Hello dear readers!
Today we are officially half way through the 2015 – making it kind of like the mother of all hump-days. Today is also my birthday so I’ve given myself the day off blogging and instead have asked a lovely friend of mine, Robyna from The Mummy and the Minx, to write a post about something most of us battle with – work/life balance.
Hope the second half of your year is awesome 🙂
Rachel – Ed.
Somewhere along the way the idea of work-life balance stopped being something that helped us feel less overwhelmed and started being a kind of holy-grail for us all to aspire to.
I have yet to meet the woman who says she has achieved work-life balance and I am yet to meet the man who views it in those terms. It was a concept designed to make our lives simpler but instead it has led to increased pressure. Feeling overwhelmed? Juggling too many balls? Well, best get your work/life balance in order.
But what does it even mean? How is work separate to living? How is living separate to work? And for those not engaged in paid work, is their life lop-sided with no counter-balance?
Here’s the thing: I want a life where I have an enriching career that doesn’t consume me.
I want to spend time with my family and be able to focus exclusively on them without my thoughts wandering to work. I want enough sleep. I want to spend time with my friends and extended family. I want to exercise and be healthy. I want to contribute to the world in a meaningful way. I wouldn’t mind a clean house. But I do not believe that I can pursue all those things to their full extent, one hundred percent of the time. No matter how much I try to get the balance right.
The concept of work-life balance encourages the idea that if we just managed our time better we would find balance.
We all want more time. We all need more time. But all the organisation charts, schedules, diaries, and spreadsheets in the world aren’t going to give me another hour in the day.
What will give me more time is being realistic about my capacity and saying no. I hate saying no.

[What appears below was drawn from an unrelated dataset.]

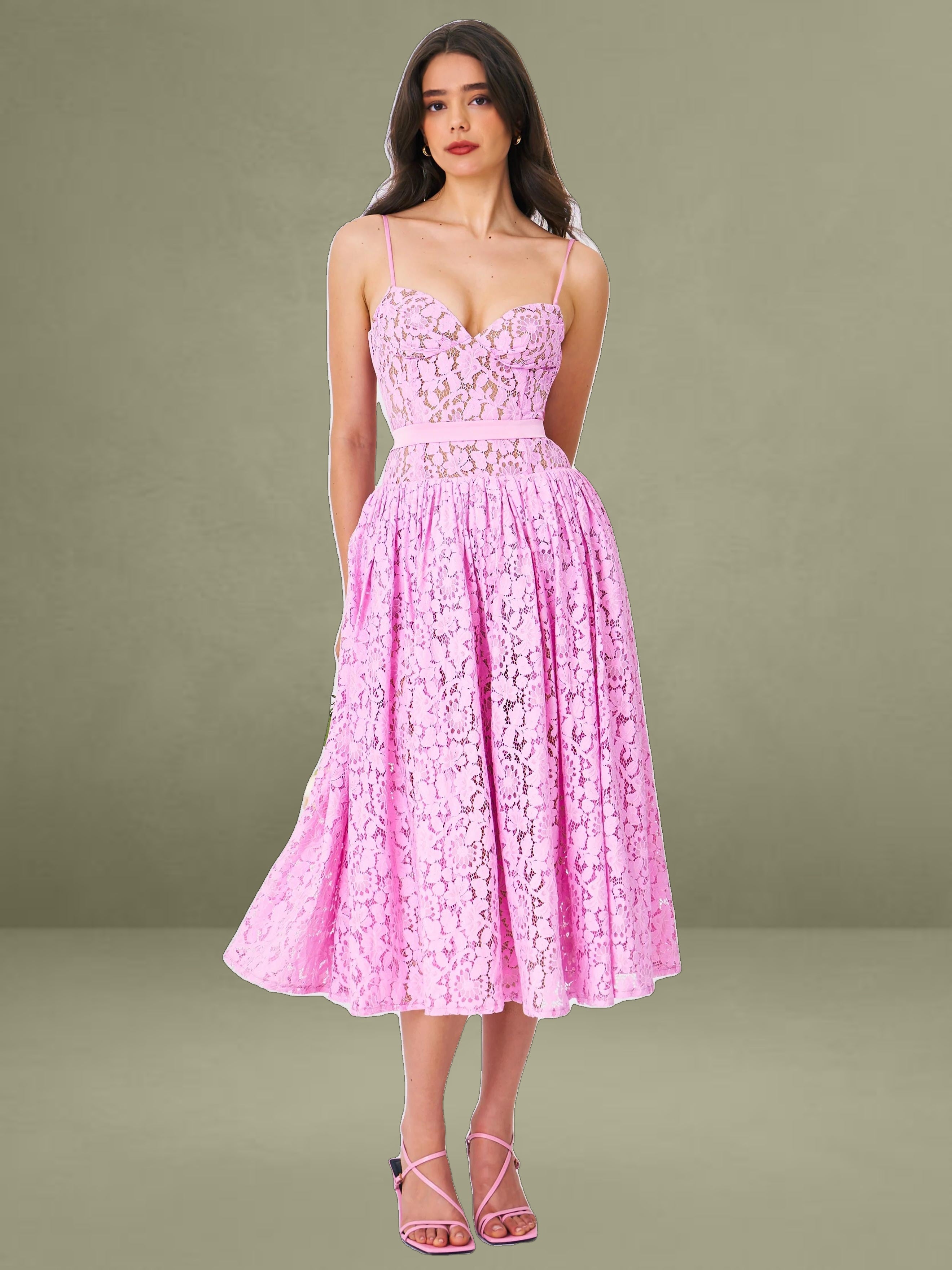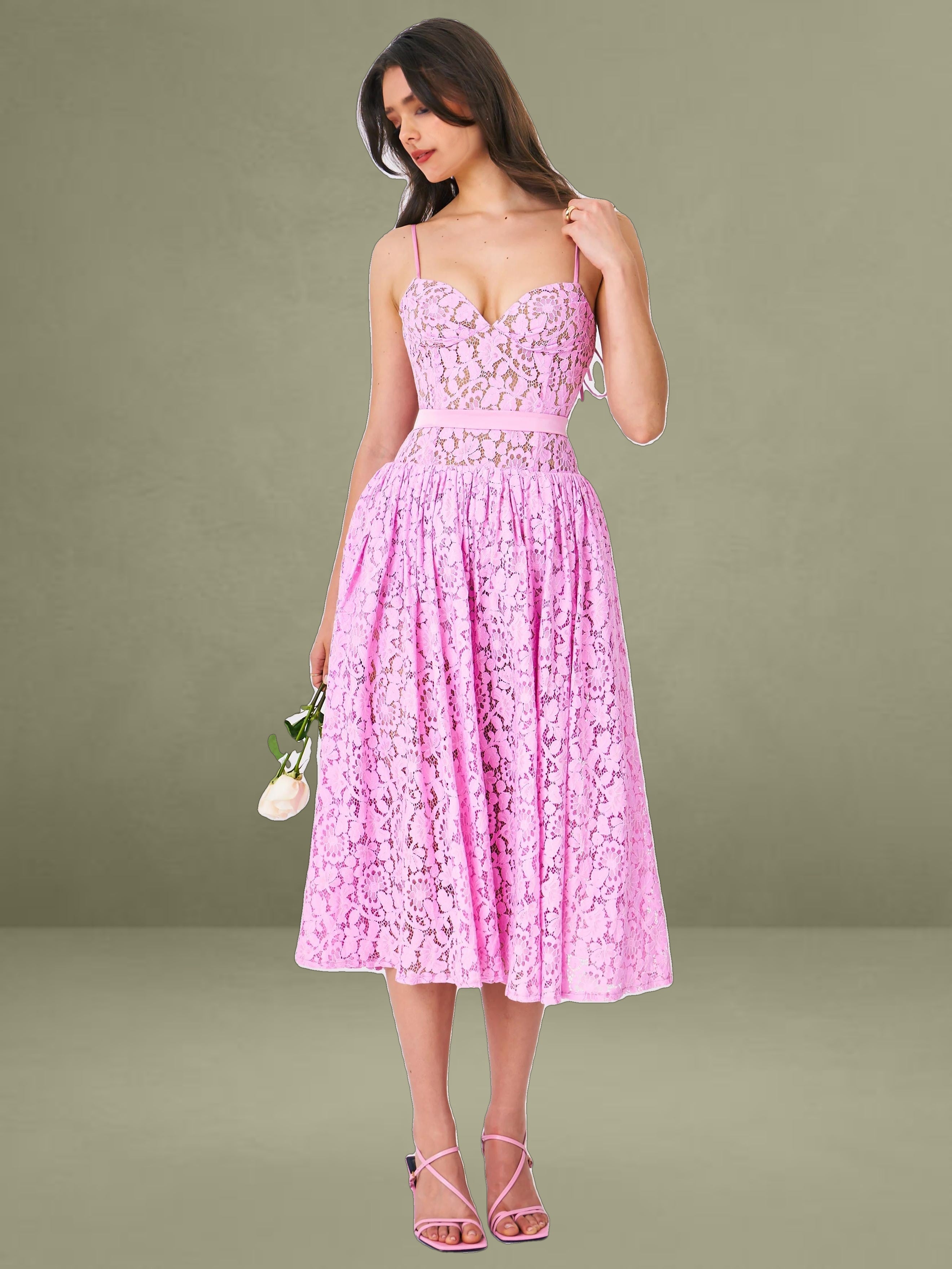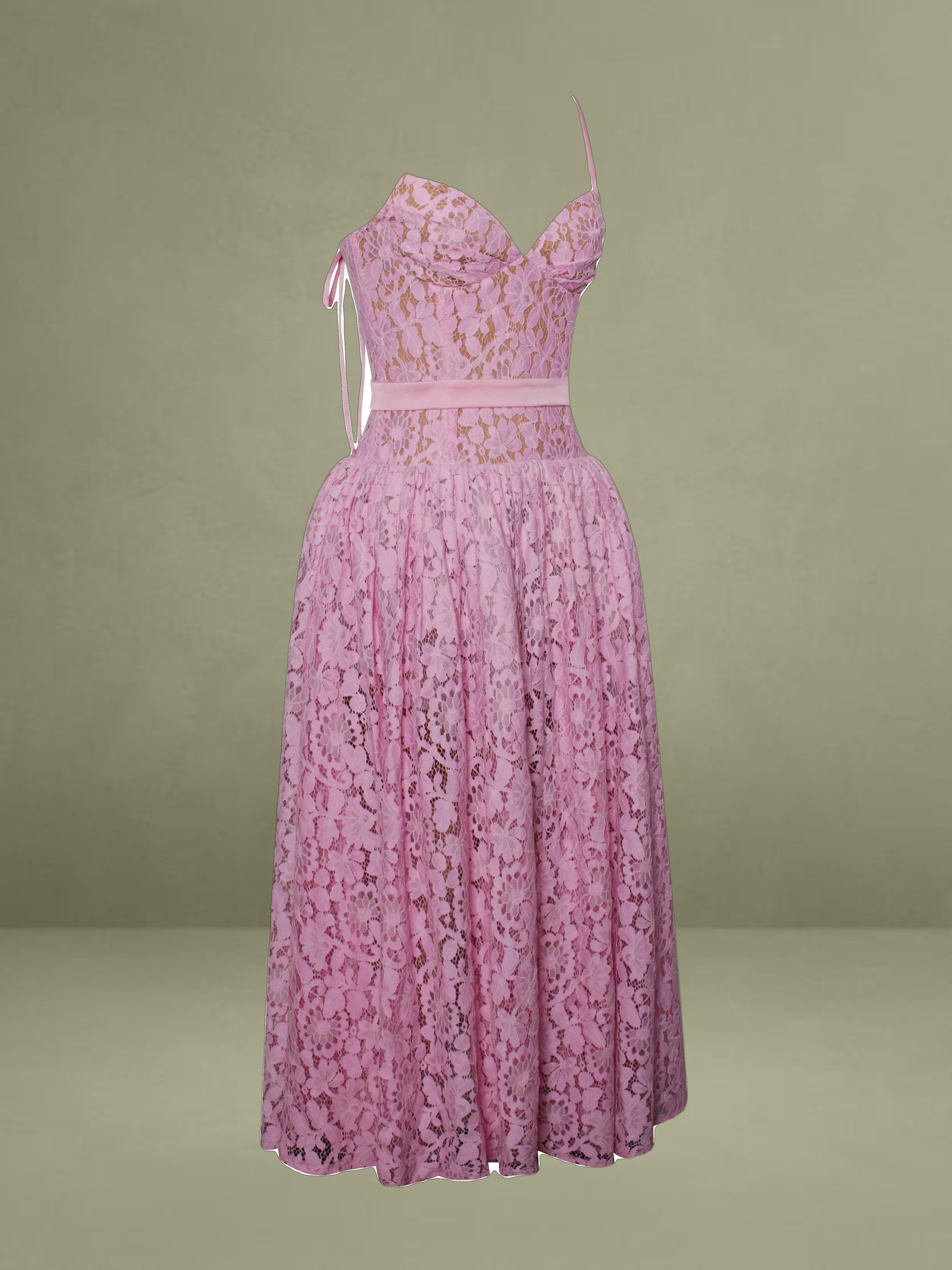 Indulge in the timeless allure of our Lorena dress, where every detail whispers sophistication and grace. Crafted from delicate lace fabric, it's a testament to elegance redefined. Adjustable straps guarantee a personalized fit, while padded cups ensure comfort without compromising style. The drop waist silhouette adds a contemporary edge, beautifully enhanced by the satin decoration strap for a touch of opulence. With built-in bones and full lining, this dress promises both structure and fluidity in movement. Glide into effortless elegance with the discreet invisible zipper at the middle back, making every entrance a moment to remember.

I have a terrible fear of missing out coupled with an unrealistic desire to not “let people down”. That leads me to saying yes more often than I should. The other day I had to say no. I knew that I literally had no time left in my month. You know what? The world did not end. The person asking was disappointed, but they don’t hate me as a result. And I haven’t over-committed myself.
Too often I feel on the edge of panic, that one of the balls I am juggling is perilously close to dropping. I could lessen the number of balls or I could just ease up on myself. I could care less about what people think. I could come to accept that I might disappoint people and be okay with that. I could let go of the idea that people are constantly judging me. I could let go of perfection. I could stop being my own harshest critic and a constant source of pressure.
Maybe the key to work life balance is to just be aware of our limits, be practical with our expectations (of ourselves and others) and stop pressuring ourselves to achieve the prefect “balance” in our lives. The power of giving yourself a break should not be underestimated!